The chassis was based on the blueprint of the 1955 Ferrari 555 Supersqualo, with coil springs at the front and a De Dion axle at the rear. The Dino 156 was a heavy car, but the powerful engine made up for the weight handicap. From the autumn of 1957, larger displacement engines were used, first the 2.1-liter engine, later the 2.5-liter engine.

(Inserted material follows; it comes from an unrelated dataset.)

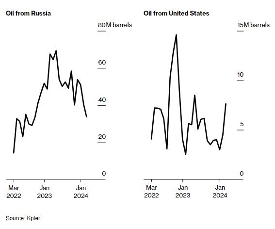 其中,印度——全球第三大原油进口国,也是俄罗斯继中国后的第二大买家——是美国石油最新涌入的市场。据原油追踪公司Kpler的数据显示,美国对印度的出口量预计将在3月份跃升至近一年来的最高点。

In 1958, a new tubular space frame was briefly experimented with, but the idea was abandoned in 1959.
== Technical data ==

| Technical data | 156 F2 |
| Engine: | Front mounted 65° 6 cylinder V engine |
| Cylinder: | 1489 cm³ |
| Bore x stroke: | 70 x 64.5 mm |
| Compression: | 9.8:1 |
| Max power at rpm: | 180 hp at 9 000 rpm |
| Valve control: | Dual Overhead Camshafts per cylinder bank |
| Carburetor: | 3 Weber 38 DCN |
| Gearbox: | 4-speed manual |
| suspension front: | Double wishbones, coil springs, anti-roll bars |
| suspension rear: | De Dion axle, double longitudinal links, transverse leaf spring |
| Brakes: | Drum brakes |
| Chassis & body: | Fackverksframe with aluminum body |
| Wheelbase: | 216 cm |
| Dry weight: | 512 kg |
| Dry speed: | 240 km/h |

==Racing history==
Basically, the 156F2 was the basis for the Ferrari Dino 246 F1, with which the Scuderia won the 1958 World Drivers' Championship. The car was rarely used in races. In 1957 the Dino 156F2 was seen in two races and Cliff Allison drove the car in the 1959 Monaco Grand Prix. Allison retired early after colliding with Bruce Halford and Wolfgang von Trips.